Exactly this. One problem I’ve noticed - there have been several times where people started threads like these, wanting to have long, fisky, point-by-point debates about everything.
I think it would be extremely helpful to say something to the effect of “this is not a place for The Free Speech Argument.” Even if it’s only applicable to this instance of Lemmy.
I agree, and this is well said. I haven’t found a need to slurs, and I feel that meaningful conversations that play out across paragraphs have more going on than just using slurs, so in practical terms (setting aside slippery slope arguments for a moment), I wonder what sense of values a person is coming from where they feel like that kind of filter is preventing them from expressing their values.

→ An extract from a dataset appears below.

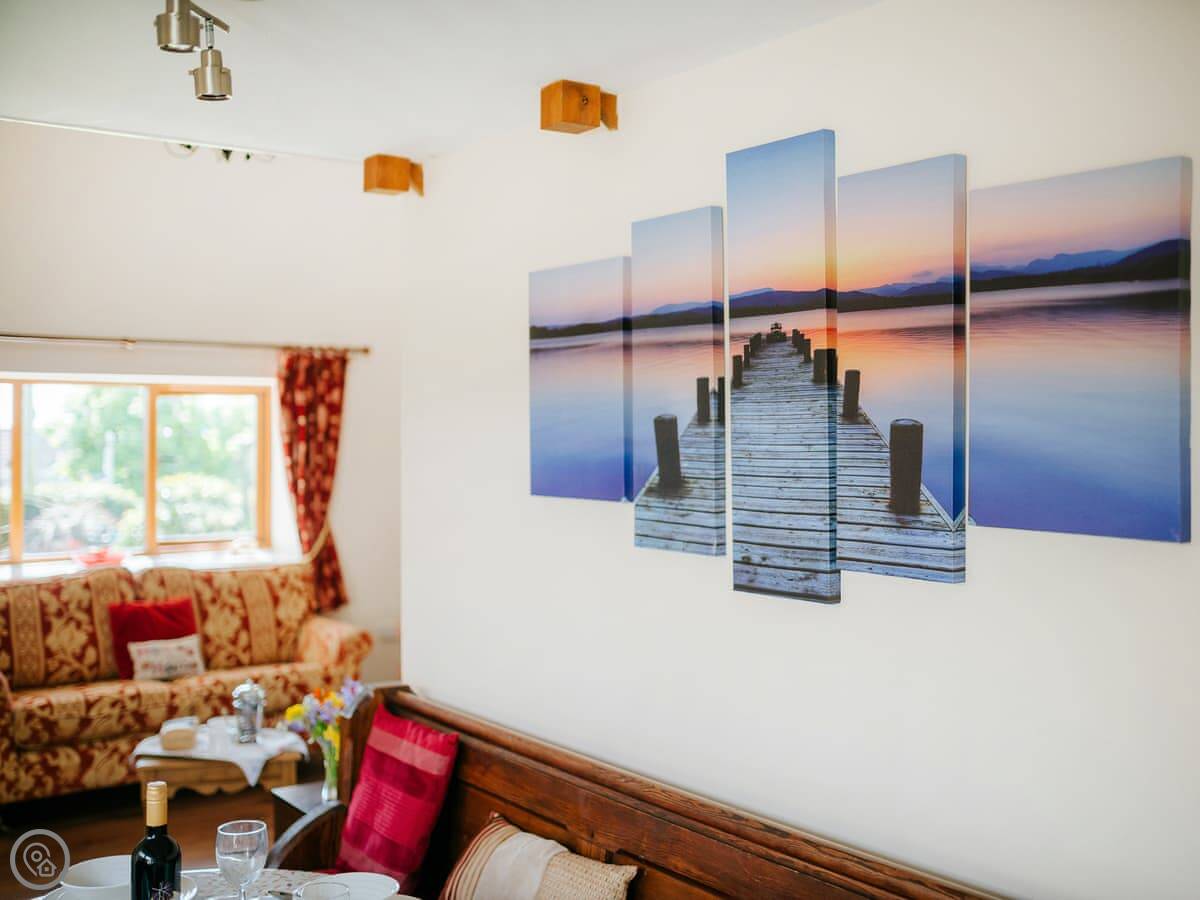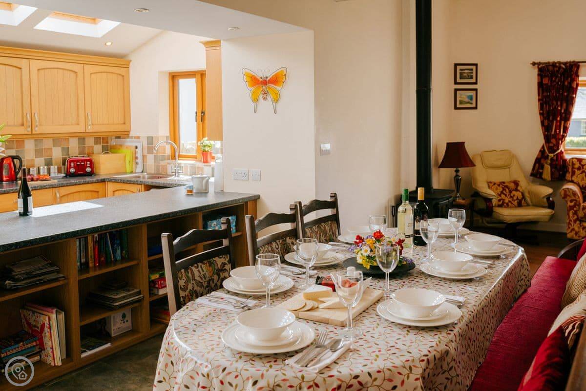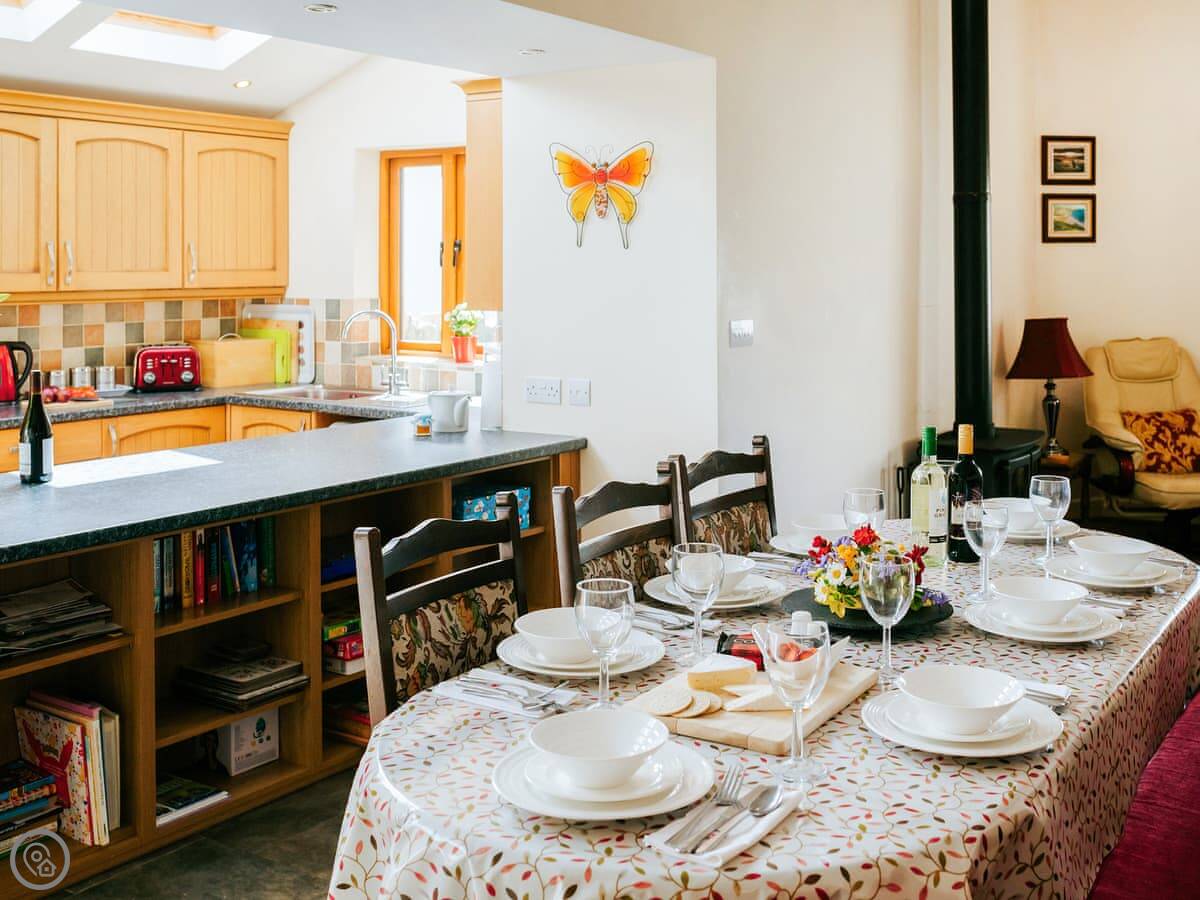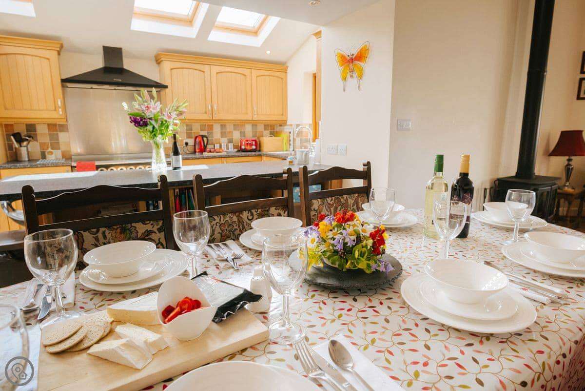 The kitchen has a big range cooker. There's a utility room at the back, which is handy for washing sandy dogs or storing walking gear.

Look. The entire reason people started working on Federation and in general decentralized communication platforms, is that people did not want censorship. If you start censoring people, you defeated the entire point of going federated.
That point is that each community can decide what’s acceptable for themselves, and nobody decides in their name. The slur filter managed to defeat this. Congrats, you made a piece of software that’s just more complex to understand but not actually useful
Actually the part of insults will depend on the moderation. Nothing on the software will impede the user to say “go eat ducks” for example.
Ah! the other day I was thinking I made an account in some reddit alternative years ago but couldn’t remember the name of it. Made like 2 posts until I realized it was just the same kind of politics everywhere.
You have ironically stated my reason for not by default holding all Lemmy users to the word blacklist in this comment:
I don’t think I’m saying what you think I’m saying.
What do you think I think you’re saying?